In reply to MPD/DID med resistance?, posted by terra miller on February 23, 2001, at 9:08:16

This opinion is strictly mine. I have been diagnosed over 12 times with MPD/DID by independant mental health professionals.

First off, I believe that if you are wanting some sort of real data, you need to specify "more difficult" than which group? Other people with mental illness/disorder? Or just in general?

My opinion (based on personal experience, friends with same dx and other psychiatric dx, 2 years working in MH field and a lot of reading) is that all people who have to take medication for longer than a few weeks tend to resist it. Consider the man who has a heart attack. At first he is eager to comply since his heart attack is traumatic and recent and vivid: therefore he wants to avoid another one. But after a long period of no symptoms, this man, because he is human will sometimes begin to "skip" doses. He is not abnormal nor is he "non-compliant".

That being said, most people on medication for a psychiatric disorder/illness are on it LONG TERM. Immediate set up for eventual "non-compliance". Add to that the fact the vast majority of psychotropic drugs have EXTREME side effects, including (but not full list): intense and rapid weight gain, sense of being "drugged" or in a "vegetable state", constipation, diahrhea, headaches, nausea, other side effects including inability to see well, one of the worst and most destructive as well as common side effects being that one's libido is MIA (this severely affects close intimate relationships) etc etc, it's no wonder at all to me why a person would resist taking such meds for the rest of their lives.

Then add to this mix, someone who has MPD/DID. They most likely have been told repeatedly that they DO NOT have an organic illness and that the meds prescribed do NOT cure or control their particular disorder, they merely "help" to suppress certain symptoms: usually anxiety. Add to this that many anti-anxiety drugs are considered addictive and many doctors accuse patients seeking such meds of wanting a "fix" rather than truly needing it, and you have someone who most likely hates the shortened nickname "meds" with a fervor.

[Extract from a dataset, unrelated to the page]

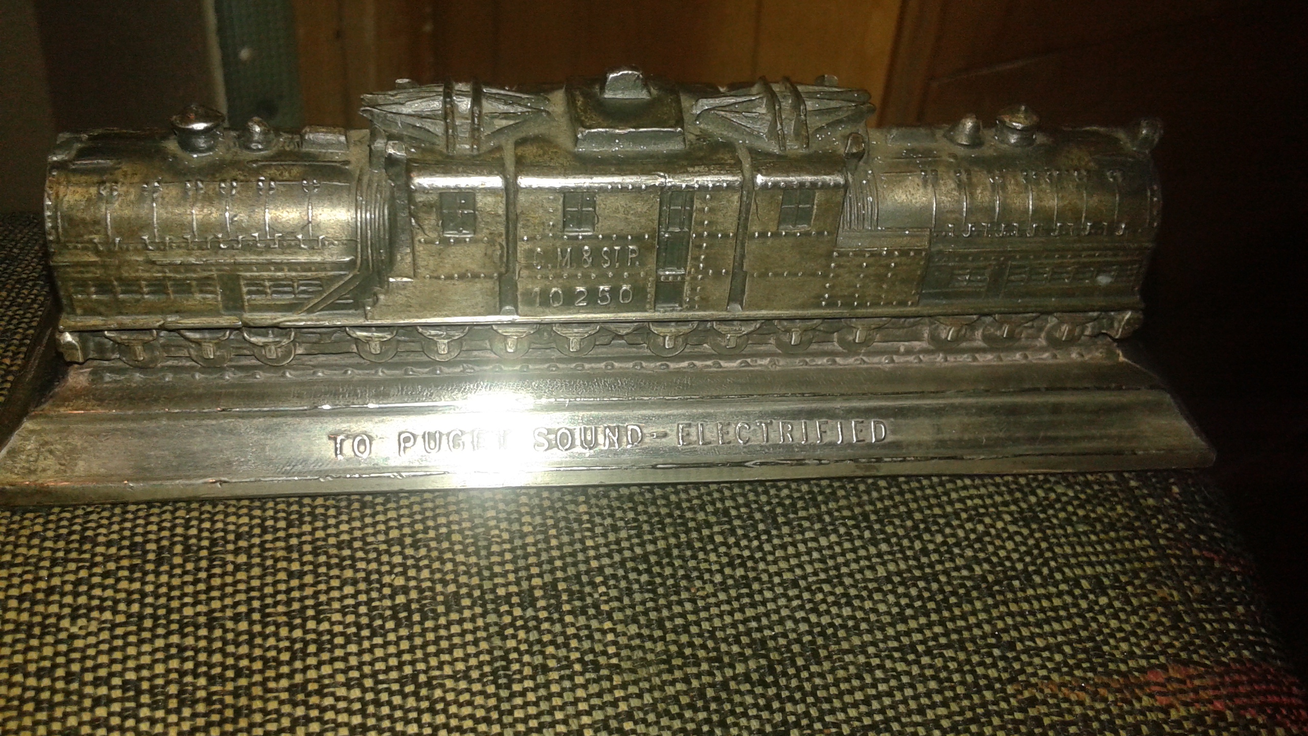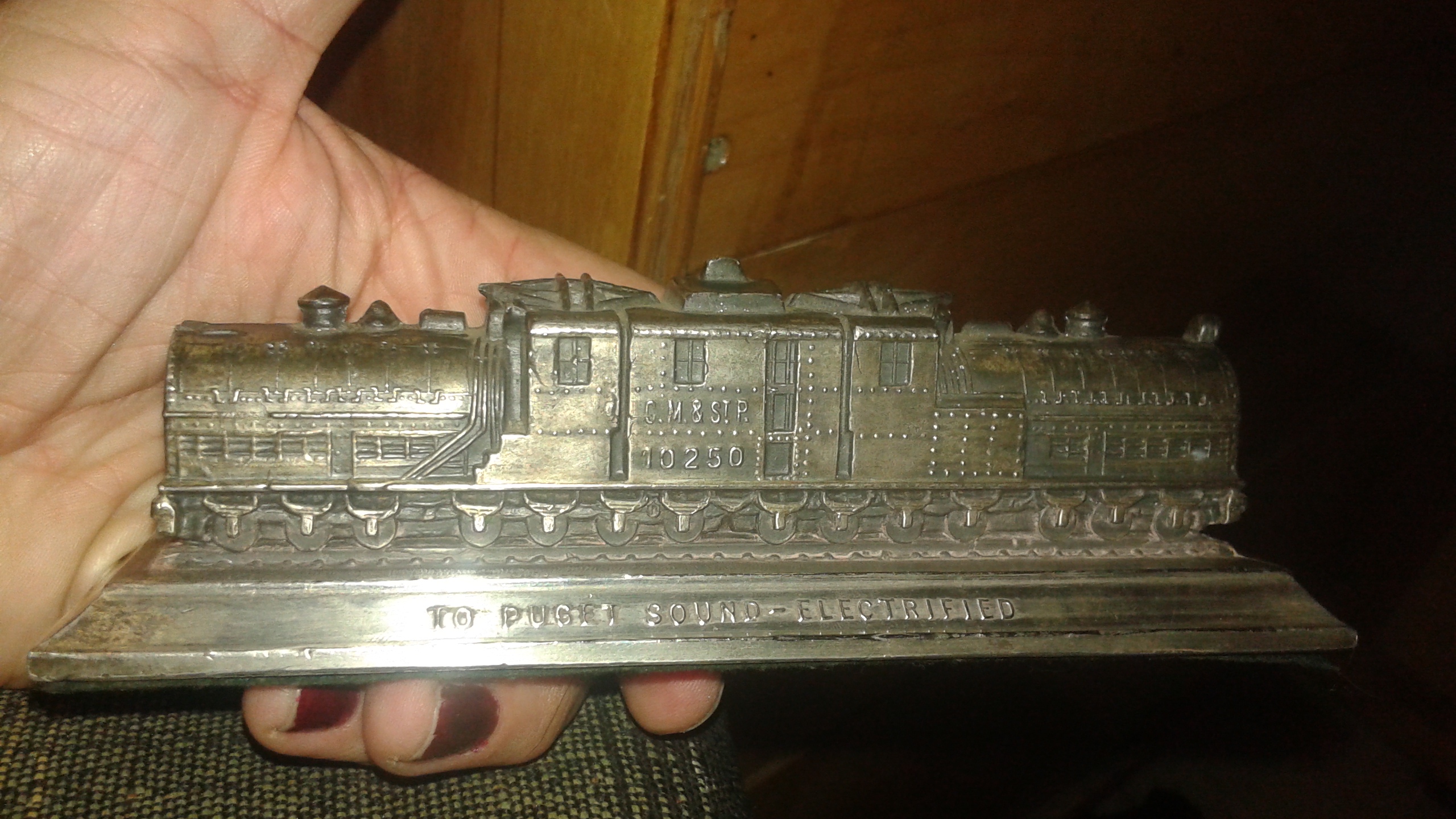 Chicago Michigan St Paul to the Puget Sound elctrofied. Locomotive engine white brass detailed paper weight

Why would someone in this situation NOT resist taking meds?

"Do you think some meds have more effect than others? Which and why?"

I'm tempted to be direct and perhaps blunt, but will attempt to be gentle. Saying that one med or another has more or less effect than others is sort of like asking if last night's sunset is prettier than tonight's. It's very subjective. Not only is the opinion objective, but each individual's physical being is completely unique. Add chemicals that we use because it has been 'shown to help' in some people or most that were in the initial test and what you have is a very large poker game. No doctor or pharmacist or chemist can accurately assess the effect of ANY drug on any one individual, especially prior to it's being taken by that individual. Secondly, once it has been taken, the same individual can get different results from the same drug over time. There is also a thing call "poop out" -- where a medicine that once worked for an individual is now not only not working but having new and unusal side effects not previously experienced.

It truly is a "to each his own" situation, IMO. (opinion based on same as above) There is no broad brush stroke that can be made here that I can see.

-nobodyz

> If you have an opinion, do you think people with dx MPD/DID have a more difficult time with meds? Why or why not? Do you think some meds have more effect than others? Which and why?
>
> Is your opinion yours, do you know someone's personal experience with this dx, is your experience clinical, or is your experience professional/having clients you treat currently or in the past with this dx?
>
> Thanks for your thoughtful and gentle replies.